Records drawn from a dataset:
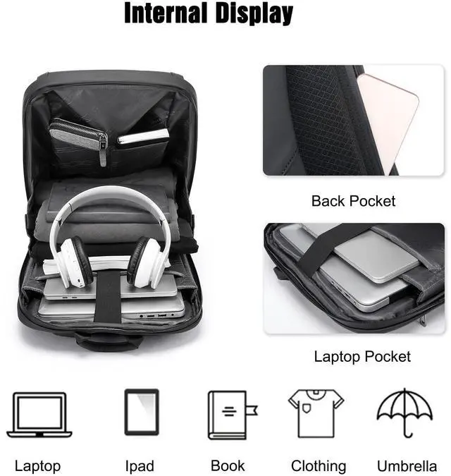 Independent Compartment+open pocket+other capacityOther capacity: rear pocket+shoulder pocketLaptop daypacks fits 15.6 inch laptop, 9.10 inch tablet, headset, thin clothes, books, magazine, camera, pen, keys, wallet, etc. Ergonomics Back & Shoulder Strap design, soft and comfortable, breathable, decompression. Made of high density Polyester Fabric, not easy get wet and ensure long lasting usage. Many padding on the back, shoulder straps, which make it comfortable to carry, barely feel the weight.
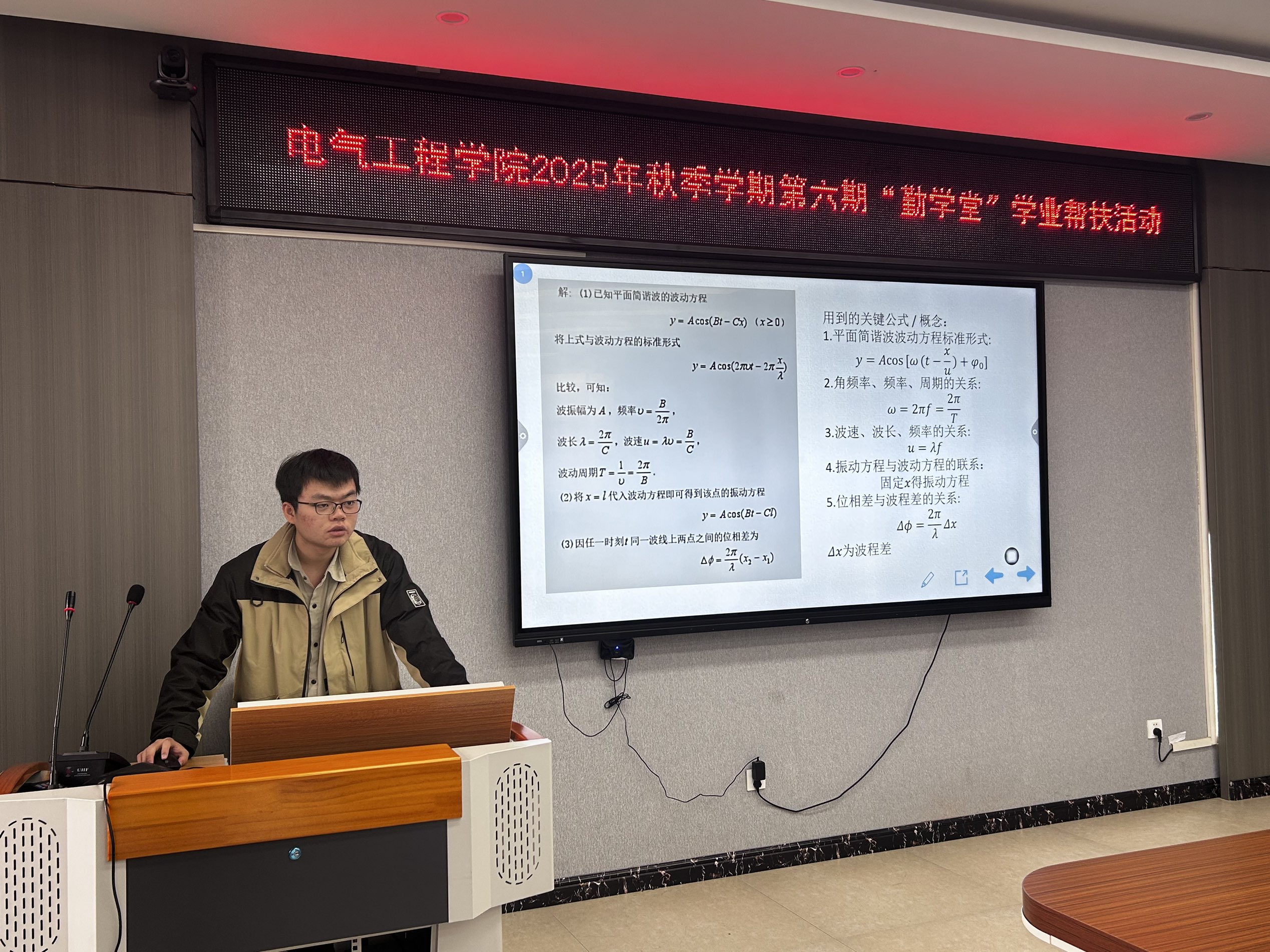 11月13日,伟德国际VICTOR1946于崇业楼B301室成功举办2025年秋季学期第六期“勤学堂”学业帮扶活动。活动聚焦力学、电磁学、光学等核心知识模块,特邀国家获得者郭煜崟同学主讲。朋辈老师郭煜崟通过典型例题拆解、解题思路梳理,帮助同学们夯实知识基础,厘清重难点逻辑。
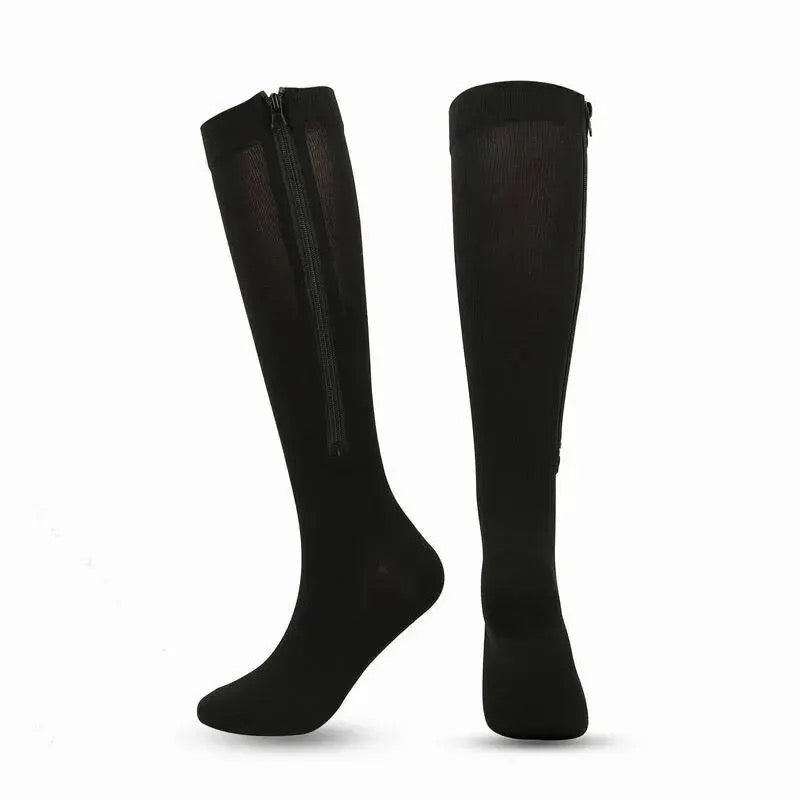 Knee high compression stockings that are easier to put on, and fit more comfortably? Yes please! No more toiling, pushing, pulling, and stretching tight compression stockings on and into place with this fantastic zip design. They offer graded compression and are easier to put on and remove independently, and with less pain and joint issues and ease the usual struggle of trying to navigate compression stockings.
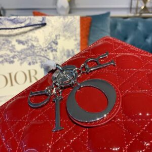 Christian Dior Large Lady Dior Bag Silver Hardware Cherry Red Patent For Women 12.5in/32cm CD
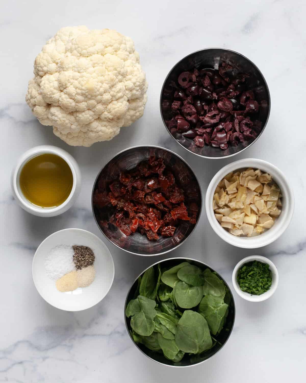 Roasted cauliflower has a mild flavor that works with lots of different vegetables. You can make the recipe as written with sun dried tomatoes, olives and artichokes or try one or more of these suggestions.

> [YOUR ASSIGNMENT]
The full text of the data above, exact and without pictures, is what to return.

> [EXERCISE RESPONSE]
 Independent Compartment+open pocket+other capacityOther capacity: rear pocket+shoulder pocketLaptop daypacks fits 15.6 inch laptop, 9.10 inch tablet, headset, thin clothes, books, magazine, camera, pen, keys, wallet, etc. Ergonomics Back & Shoulder Strap design, soft and comfortable, breathable, decompression. Made of high density Polyester Fabric, not easy get wet and ensure long lasting usage. Many padding on the back, shoulder straps, which make it comfortable to carry, barely feel the weight.
 11月13日,伟德国际VICTOR1946于崇业楼B301室成功举办2025年秋季学期第六期“勤学堂”学业帮扶活动。活动聚焦力学、电磁学、光学等核心知识模块,特邀国家获得者郭煜崟同学主讲。朋辈老师郭煜崟通过典型例题拆解、解题思路梳理,帮助同学们夯实知识基础,厘清重难点逻辑。
 Knee high compression stockings that are easier to put on, and fit more comfortably? Yes please! No more toiling, pushing, pulling, and stretching tight compression stockings on and into place with this fantastic zip design. They offer graded compression and are easier to put on and remove independently, and with less pain and joint issues and ease the usual struggle of trying to navigate compression stockings.
 Christian Dior Large Lady Dior Bag Silver Hardware Cherry Red Patent For Women 12.5in/32cm CD
 Roasted cauliflower has a mild flavor that works with lots of different vegetables. You can make the recipe as written with sun dried tomatoes, olives and artichokes or try one or more of these suggestions.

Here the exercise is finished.